## Data shown
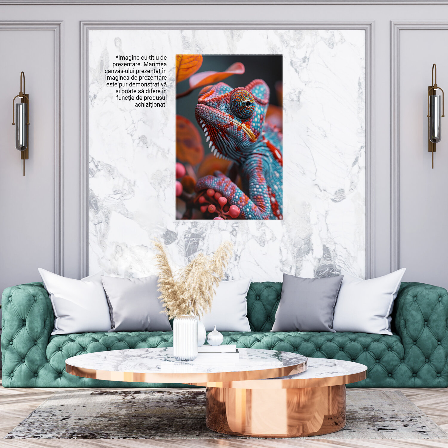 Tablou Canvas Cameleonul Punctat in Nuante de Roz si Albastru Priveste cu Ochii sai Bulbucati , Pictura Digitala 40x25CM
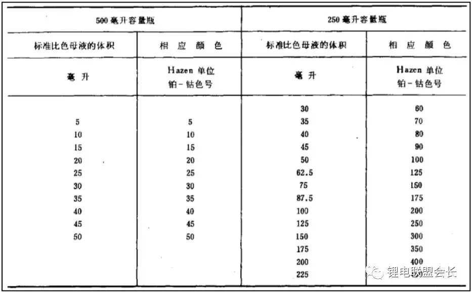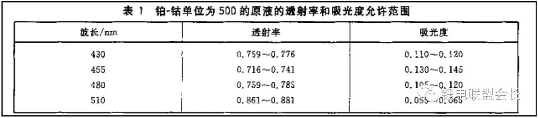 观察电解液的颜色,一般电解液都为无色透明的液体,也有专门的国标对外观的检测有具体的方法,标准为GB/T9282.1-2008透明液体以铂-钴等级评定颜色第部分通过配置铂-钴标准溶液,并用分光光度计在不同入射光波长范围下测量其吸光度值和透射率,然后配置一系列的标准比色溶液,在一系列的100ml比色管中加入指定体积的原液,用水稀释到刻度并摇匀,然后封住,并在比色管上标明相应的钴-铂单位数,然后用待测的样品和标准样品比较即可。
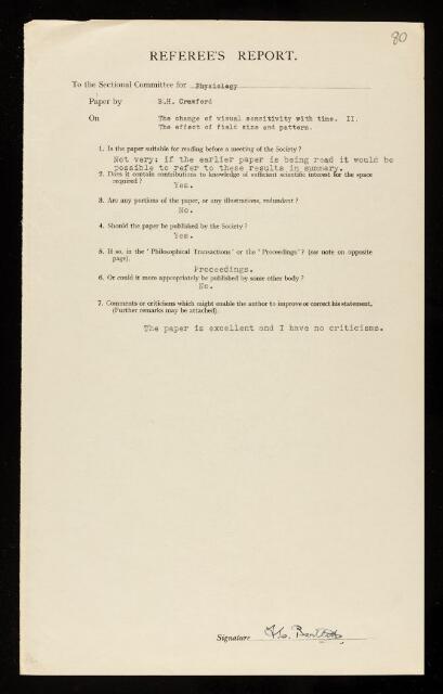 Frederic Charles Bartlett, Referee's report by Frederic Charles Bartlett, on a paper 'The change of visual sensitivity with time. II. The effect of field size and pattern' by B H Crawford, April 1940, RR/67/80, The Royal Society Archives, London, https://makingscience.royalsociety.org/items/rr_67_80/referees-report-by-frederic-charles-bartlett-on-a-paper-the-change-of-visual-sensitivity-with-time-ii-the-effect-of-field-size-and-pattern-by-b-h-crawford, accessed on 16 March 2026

## Directions
Please restate the lines above exactly, starting at the first line of the data and stopping at the line containing "观察电解液的颜色,一般电解液", which is included. Omit pictures.

## Answer section
 Tablou Canvas Cameleonul Punctat in Nuante de Roz si Albastru Priveste cu Ochii sai Bulbucati , Pictura Digitala 40x25CM
 观察电解液的颜色,一般电解液都为无色透明的液体,也有专门的国标对外观的检测有具体的方法,标准为GB/T9282.1-2008透明液体以铂-钴等级评定颜色第部分通过配置铂-钴标准溶液,并用分光光度计在不同入射光波长范围下测量其吸光度值和透射率,然后配置一系列的标准比色溶液,在一系列的100ml比色管中加入指定体积的原液,用水稀释到刻度并摇匀,然后封住,并在比色管上标明相应的钴-铂单位数,然后用待测的样品和标准样品比较即可。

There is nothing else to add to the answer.